Also note that Quadrants UL+UR, UR+LR, LL+LR, UL+LL (half blocks) are
already encoded at block U+2580.

Summary:
 31 New glyphs, Range E0D0 to E0EF, one vacancy.

8. MISCELLANEOUS SINGLE-CELL GLYPHS

Table 8.1: Miscellaneous Single-Cell Terminal Glyphs

  Code Description Reference
  E0F0 Reverse Question Mark DEC VTxxx, Wyse, Televideo (1)
  E0F1 Box with X inside DG Math 06/07, GCGID SP500000
  E0F2 Human stick figure with hat SNI Facet 04/14
  E0F3 Clock (with hands at 3:00) SNI Klammern 05/01
  E0F4 Overscore asterisk IBM 3270
  E0F5 Overscore semicolon IBM 3270
  E0F6 Padlock (keyboard locked) IBM 3270

Notes:
 (1) The reverse question is essential in VT terminal emulation, where it
     indicates that an invalid code was received, or a parity or other
     error was detected. It also stands for SUB and/or RS in Wyse display
     controls mode, and is the glyph for 0xFF in the Televideo Multinational
     Character Set [23]. And it it is also a glyph in the DG Special
     Graphics Character Set [2].

Summary:
 7 New glyphs, Range E0F0 to E0FF, 9 vacant.

9. UNFINISHED BUSINESS

The selection of characters presented in this draft is far from
comprehensive. Hundreds of other terminals from the past 30+ years are
likely to have glyphs or entire character sets covered neither here nor
in Unicode, and these might or might not be important in some application
somewhere. Readers are invited, therefore, to propose any needed
additions, bearing in mind that Unicode code space is not unlimited.

No attempt was made to account for the many Viewdata, Videotex, Minitel,
NAPLPS, or other mosaic graphics character sets. These should be tackled,
if appropriate, by someone who knows something about them.

Several character sets found in the references consulted are ignored here,
fully or in part, due to lack of motivation (nobody has ever asked us to
support them). Obviously these, and any other missing sets, can be
considered if there is a demand.

Siemens Nixdorf Facet
  A set of 95 mosaic graphics, but not resembling any of the ISO Videotex
  mosaic sets; difficult to describe.

Siemens Nixdorf Klammern
  A set of 95 assorted blobs, bracket and brace pieces, clocks, arrows,
  hourglasses, and Greek letters, some of which are unique; others can be
  unified with existing Unicode characters or characters in this proposal.

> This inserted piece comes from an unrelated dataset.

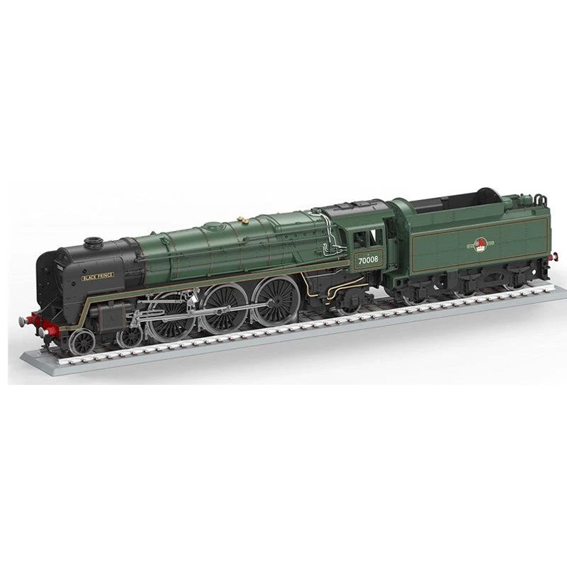 The Britannia Class locomotives were versatile machines whereas other locomotives tended to be designed, built, and used either for passenger or freight duties. ‘Black Prince’ was named after ‘Edward of Woodstock’ the eldest son of King Edward III. Britannia Class No. 70008 was first based at the Norwich engine shed but later traveled to the town of March in Cambridgeshire and finally to Kingmoor. Locomotive No. 70008 was withdrawn from service in January 1967, and stored for five months before being cut up for scrap at Campbells of Airdrie in June 1967.

Hewlett Packard Line Drawing
  Mostly coincident with Unicode box-drawing set at U+2500, but with a
  handful of unique characters, such as single-to-triple box intersections,
  single-to-double intersections with wide spacing, etc. These should be
  mappable to existing U+25xx glyphs without causing riots in the streets.

Hewlett Packard Big Character Pieces
  Thick line segments for drawing large characters, used on the HP-2648.

And no doubt many more...

10. SUMMARY OF PROPOSED ADDITIONAL CHARACTERS

If all the proposed new characters are added to the UCS, this will enable
terminal emulators to fully handle at least the following terminal character
sets, which were not previously covered in full:

  ASCII/ISO Display Controls for DEC, Hewlett Packard, Televideo, and others.
  EBCDIC Display Controls for the IBM 3270
  Hexadecimal debugging
  DEC Technical
  DEC Special Graphics
  Data General Word-Processing, Greek, and Math (1)
  Data General Line Drawing
  Heath/Zenith 19 Graphics
  Hewlett Packard 2621 and HPTERM
  Siemens Nixdorf's "IBM" set (plus parts of its Klammern and Facet sets)
  Televideo Multinational
  Wyse Graphics 3 (Graphics 1 and 2 were already covered)
  Wyse "Standard ANSI", "UK ANSI", and "ANSI Graphics"
 
 (1) Except the DG logo character, which is presumed off limits.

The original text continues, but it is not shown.